Friday, March 22, 2013

Python: Dict Comprehension Example

Just like list comprehensions, dictionary comprehensions help the Python programmer quickly construct an alternative structure from something more permanent. The application we're working with probably has a schema, and from that, we can only do so much as we implement new functionality over time. So rather than alter the data model that supports the application, why not create something transient? This is where the comprehension idea is powerful, at very efficiently constructing new data sources.

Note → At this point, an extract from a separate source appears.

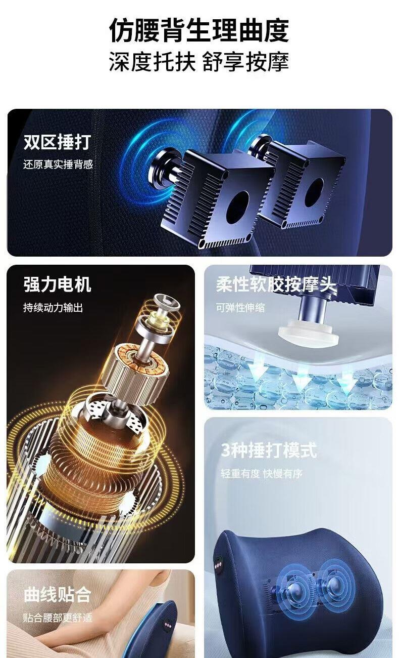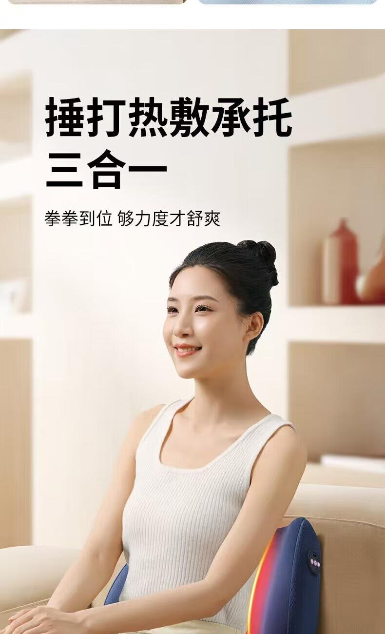 1. 捶打+热敷+承托三合一,舒缓腰背不适:集三大核心功能于一体,不仅有拳拳到位的强劲捶打,更搭配40-50℃两档热敷,按摩与热敷双重享受;同时深研人体工学,贴合腰椎科学弧度与腰背生理曲度,深度托扶脊椎,告别久坐悬空压力,从放松到护脊全兼顾,酸痛快速消散。

You can use this approach to creating new lists and dictionaries that stick around for the duration of the program, but a more useful use case is in creating a temporary search space.

List comprehensions are good and this sort of temporary storehouse of objects — you see them everywhere nowadays. And so why not dict comprehensions too? For example, to quickly look something up by ID.

import uuid

class Person(object):

    def __init__(self, first_name, last_name):
        self.uuid = str(uuid.uuid4())
        self.first_name = first_name
        self.last_name = last_name

    def __repr__(self):
        return '%s %s <%s>' % (
            self.first_name,
            self.last_name,
            self.uuid
        )

people = (
    Person('Julia', 'Weinstein'),
    Person('Sydney', 'Iverson'),
    Person('Gracie', 'Proctor'),
    Person('Jonah', 'Brower'),
    Person('Austin', 'Mays'),
    Person('Collin', 'Vick')
)

if __name__ == '__main__':

    id_for_search = people[0].uuid

    print {p.uuid:p for p in people}[id_for_search]

Here we have a tuple of people, and we want to quickly lookup someone by UUID. Given our Person class, and the tuple storing the instances, there is no way for us to do this without creating a new structure, or by looping through the people and explicitly checking if the uuid property matches the one we're looking for. Instead, we have a dictionary we've created on-the-fly, it's existence is transient because we only need it for one task. We can afford to build dictionaries this way because comprehensions are efficient.

The syntax is simple enough too.  We have the curly braces, the familiar dictionary format, and we have key:value.  The for loop inside the braces is no different from that of a list comprehension.